Discussion in 'Animation' started by Alakanu, Jun 11, 2018.

  1. Alakanu

    Alakanu

    Joined:
    Oct 17, 2015
    Posts:
    5
    Hi, I've always wondered: is there a reason why Animator.Play and Animator.CrossFade exist? Are they slower/faster than setting a parameters and triggering transitions? Are those just to be considered a plan b when you have no other choice or are they there for people that can't stand state machines? I don't know you but those function feel like anti-pattern to me.
     
    virgobr likes this.
  2. MrDude

    MrDude

    Joined:
    Sep 21, 2006
    Posts:
    2,569
    Hey, thanks, I think you just answered a question I was having! :)

    When I say jump I don't want to wait for the run animation to first play the remaining 50 frames and THEN jump at the end when it eventually checks the transition states... so I simply don't use the whole transition due to a transition condition being met (most of the time) thing. I call Play instead.

    I use transitioning to return to the idle state after doing a once off animation but I trigger my animations using Play (thus skipping the wait for the current animation to finish before it goes to the next one). I forgot there is a CrossFade option. Nice. Now I can trigger my animation faster but still benefit from some transition rather than just cutting from one animation to the other immediately. Cool!

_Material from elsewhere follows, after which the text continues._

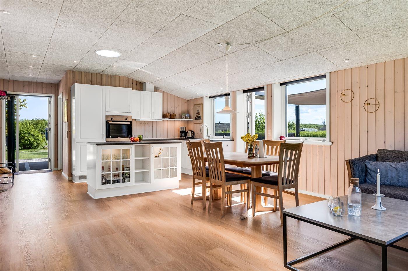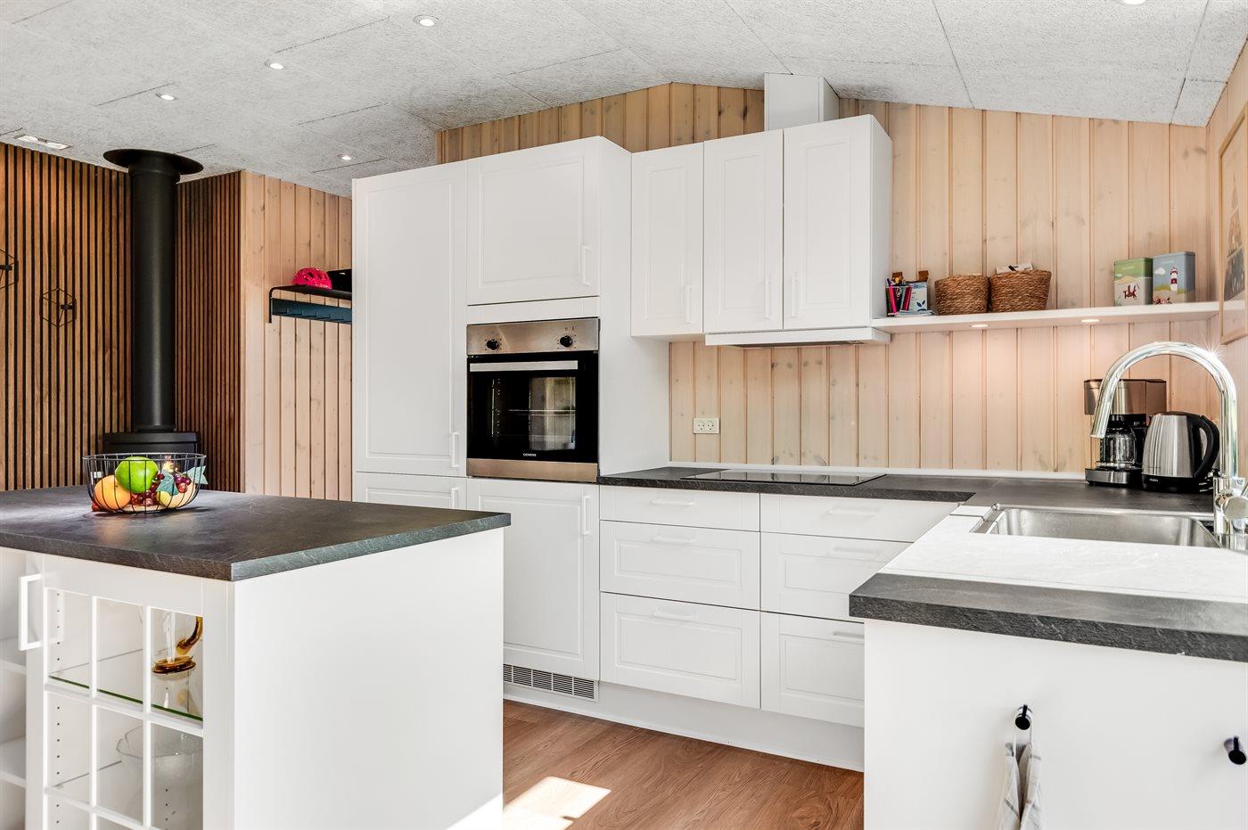 Køkkenet er udstyret med 1 køleskab. Der er 4 induktionskogeplader, varmluftovn, mikrobølgeovn samt opvaskemaskine.

    Thanks for reminding me of that
     
    eytienne likes this.
  3. Mecanim-Dev

    Mecanim-Dev

    Joined:
    Nov 26, 2012
    Posts:
    1,675
    @Alakanu
    It depends on each project, some users like to control everything from script, there is also users that don't know how to write code so for them the statemachine transition allow them to define their animation blend more easily.

    there is also some situation sometime that you can't simply define with a statemachine transition because your statemachine is complex, by example a fighting game where one character start an attack but the opponent interrupt the attack and you need to trigger a knockdown animation. So exception in your normal statemachine flows can be enforced with Play/CrossFade rather than trying to cover all the possible case and create a transitions spaghetti :D

    they are there to give flexibility to the system.

    Play and CrossFade are like dynamic transition which can be created at runtime and that live only for this frame.

    Performance wise they should behave exactly like normal transitions, so you shouldn't see an impact on the performance when you use them.
     
    WayneJP, KateSu, virgobr and 3 others like this.
  4. Alakanu

    Alakanu

    Joined:
    Oct 17, 2015
    Posts:
    5
    Thanks for the explanation, so it's just different flavours of the same thing.

    You might wanna check out the ExitTime parameter on your transitions.